Splitting of financial risk among parties

In insurance, co-insurance or coinsurance is the splitting or spreading of risk among multiple parties.

==In the United States==
In the U.S. insurance market, co-insurance is the joint assumption of risk between the insurer and the insured. In title insurance, it also means the sharing of risks between two or more title insurance companies.

===In health insurance===
In health insurance, copayment is fixed while co-insurance is the percentage that the insured pays after the insurance policy's deductible is exceeded, up to the policy's stop loss. It can be expressed as a pair of percentages with the insurer's portion stated first, or just a single percentage showing what the insured pays. Once the insured's out-of-pocket expenses equal the stop loss, the insurer will assume responsibility for 100% of any additional costs. 70–30, 80–20, and 90–10 insurer-insured co-insurance schemes are common, with stop loss limits of $1,000 to $3,000 after which the insurer covers all expenses.

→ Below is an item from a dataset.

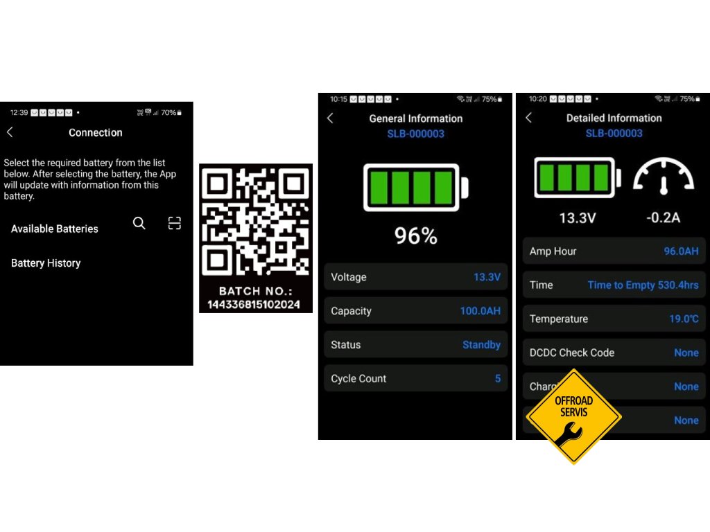 Pro připojení naskenujte QR kód (Na těle ARB Slimline baterie). Aplikace poskytuje souhrn klíčových informací o baterii a obrazovka detailní informace nabízí další podrobnosti, včetně času do prázdné či plně nabité baterie.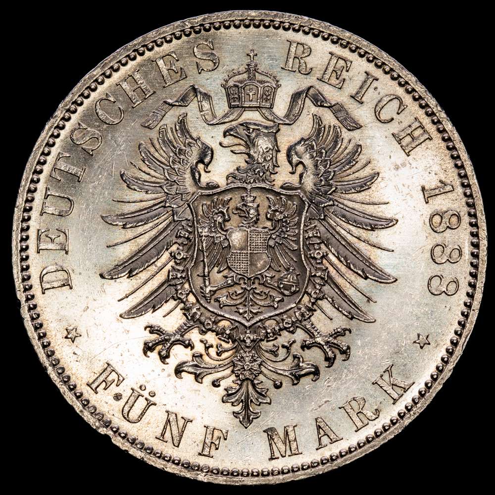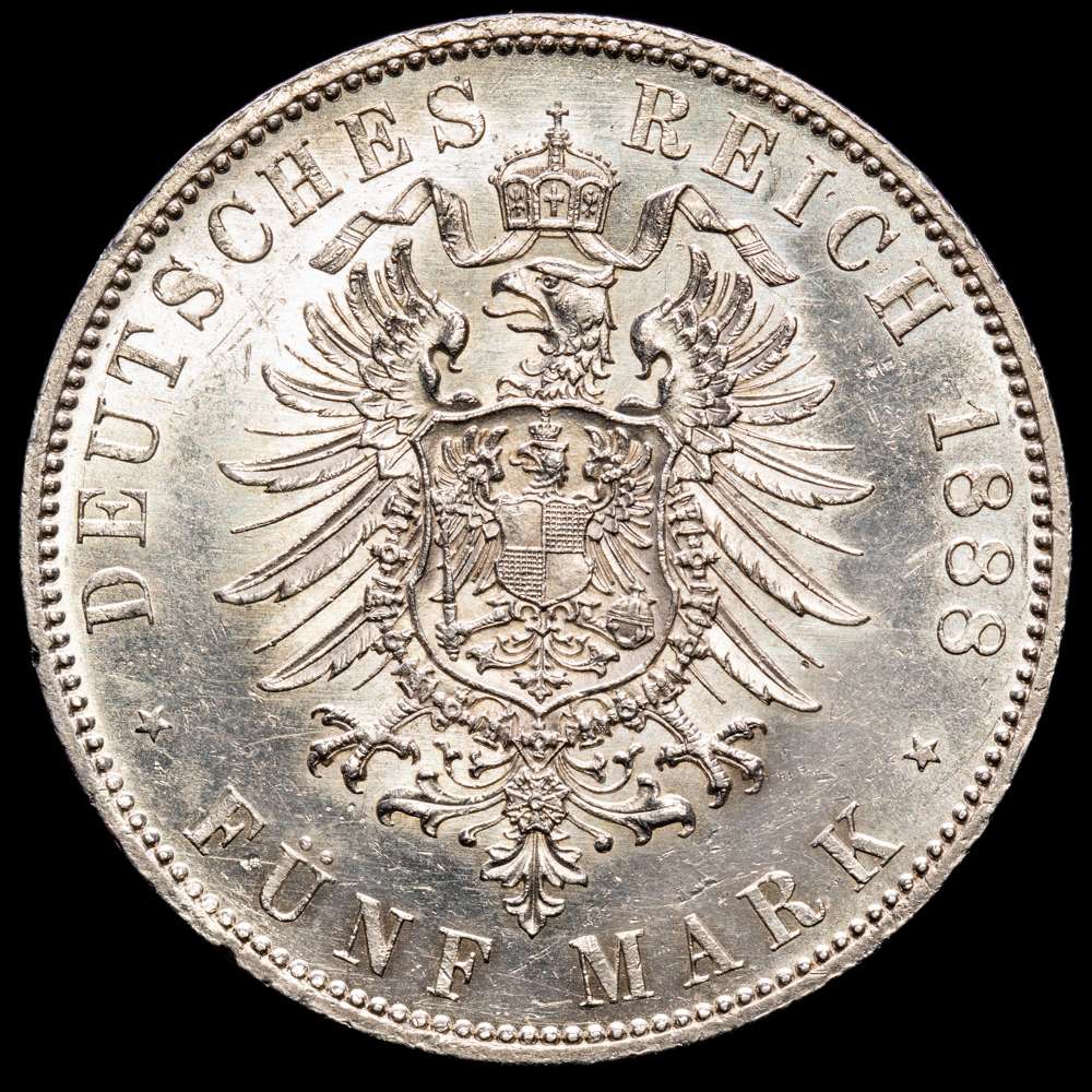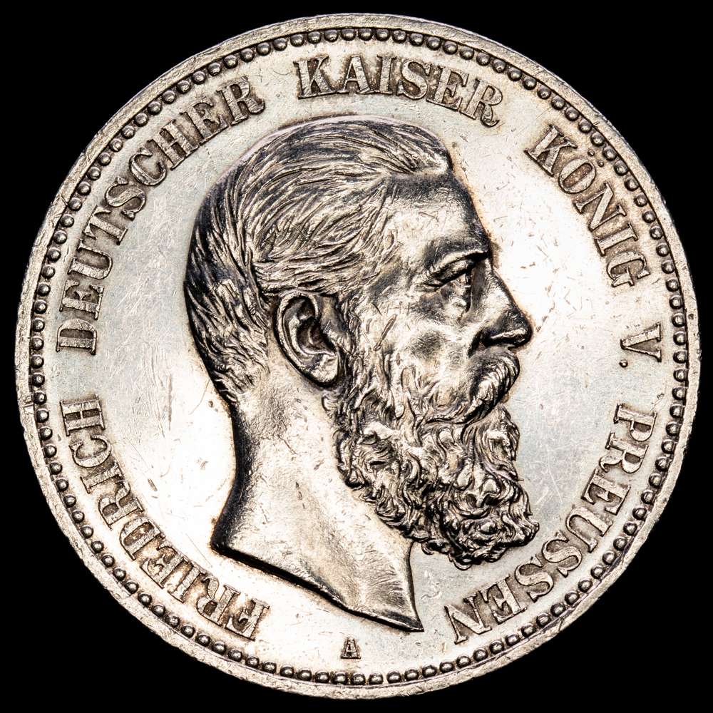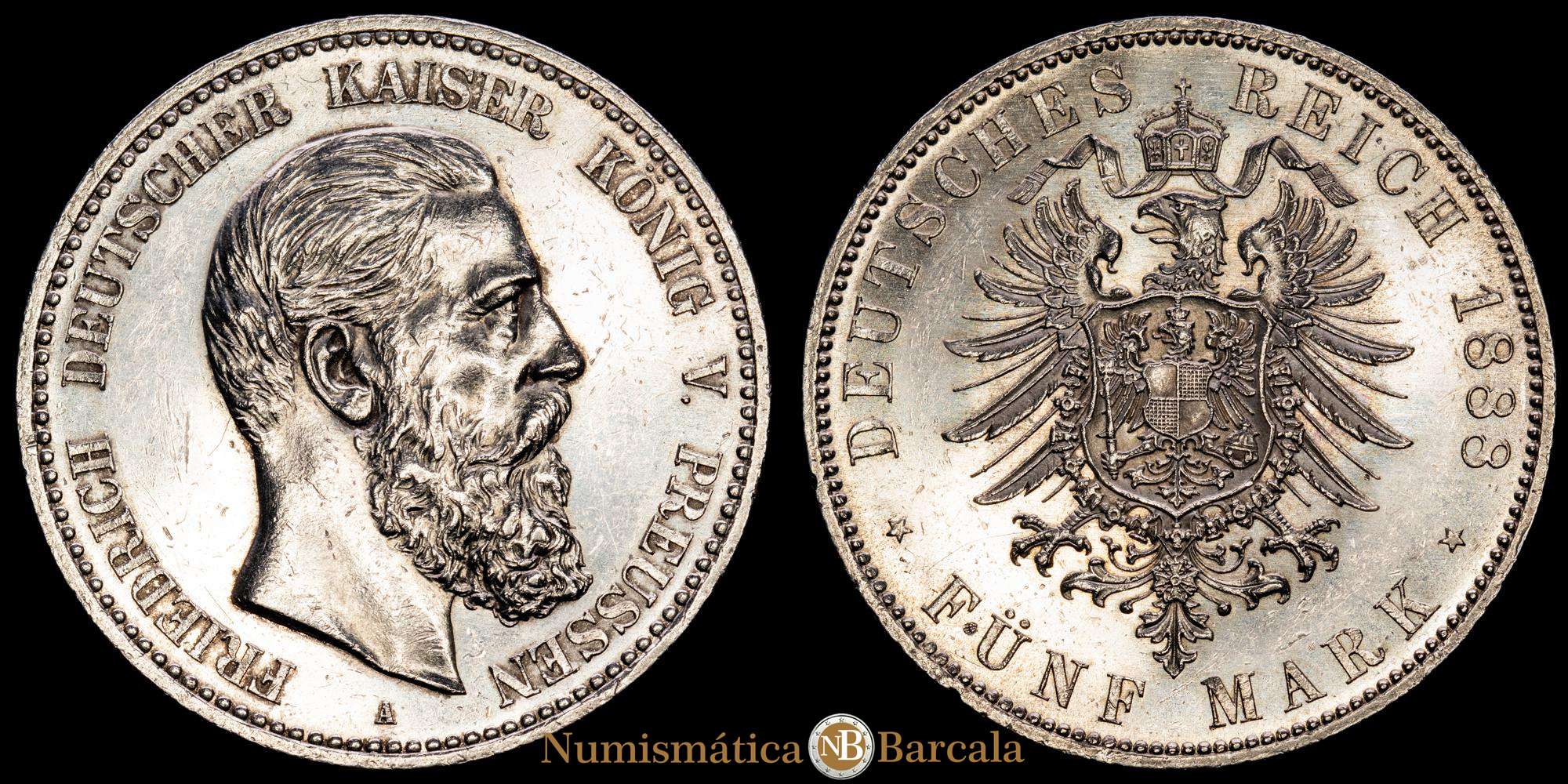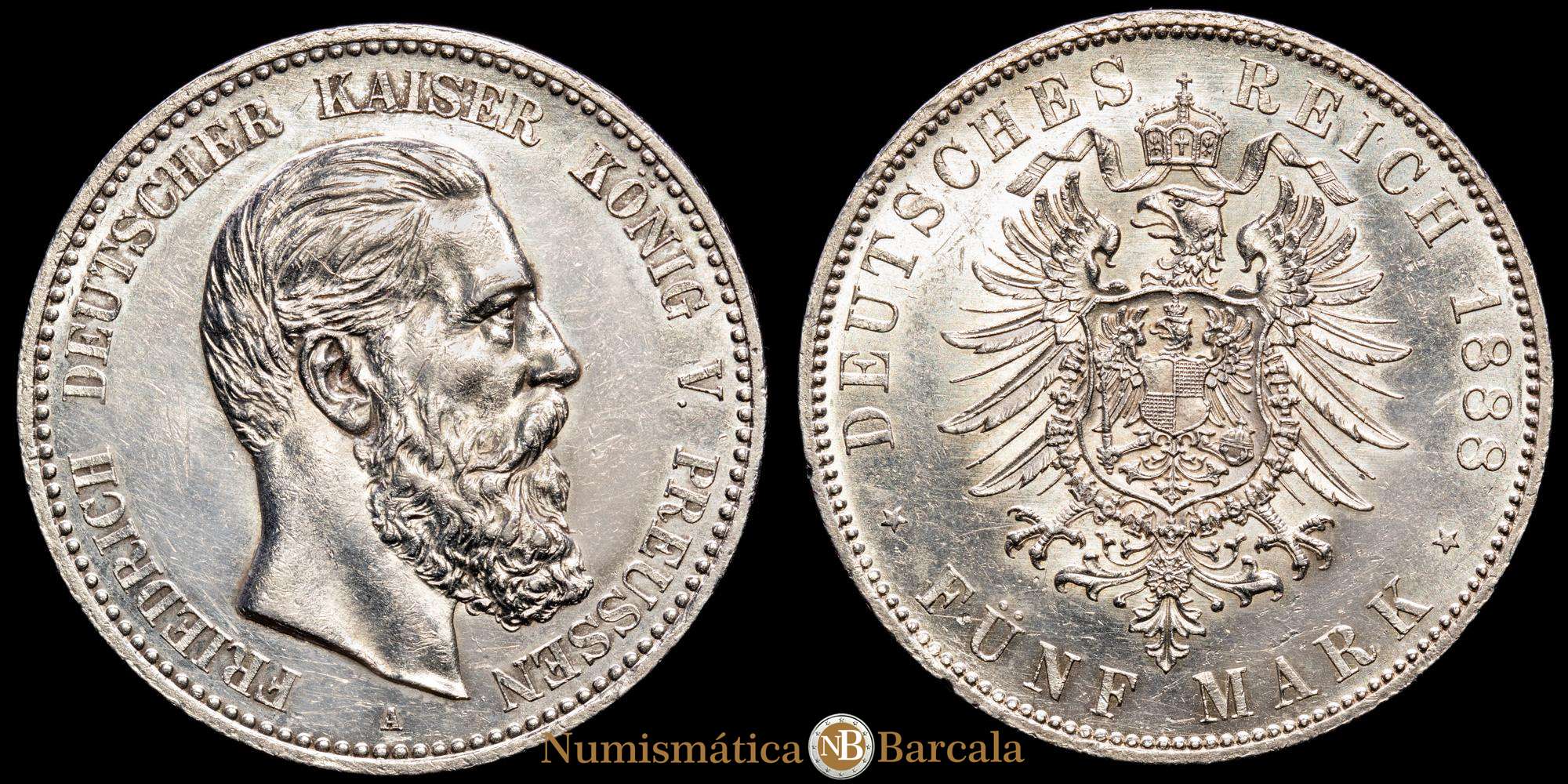 Numismática Barcala > Productos > Alemania , 5 marcos, 1888, A, Berlín. Federico III. Reino de Prusia. KM# 512. 27,83 g. UNC-.

===In property insurance===

Co-insurance is a penalty imposed on the insured by the insurance carrier for underinsuring the value of the tangible property. The penalty is based on a percentage stated within the policy and the amount underreported.

===In title insurance===
Owner's title insurance policy forms of the American Land Title Association created between 1987 and late 2006, contain co-insurance clauses. For partial losses, they require the insured carry a percentage of the risk of loss in two circumstances. The first is if the insured did not insure its title for at least 80% of its market value at the time the policy was issued. In that case, the insurer will pay only 80% of the loss. The second is if improvements constructed on the property after the policy is issued increase the property's value by at least 20% above the amount of the policy. In that case, the insurer will pay a percentage of the claim equal to the ratio of 120% of the amount of insurance purchased divided by the sum of the amount of insurance and the cost of the improvements.

Co-insurance is also used among U.S. domestic title insurers in a manner similar to that described below for the international insurance market.

===In other insurance===
In some cases, including employer's liability insurance, co-insurance percent denotes a function analogous to the copay function that it has in health insurance, in which the insured covers a certain percentage of the losses up to a certain level.

In business income interruption insurance, a type of time-element insurance, the co-insurance percent indicates how long the coverage will last, and can range from 50% to 125%. The former co-insurance allows for 6 months of coverage, compared to 15 months for 125%.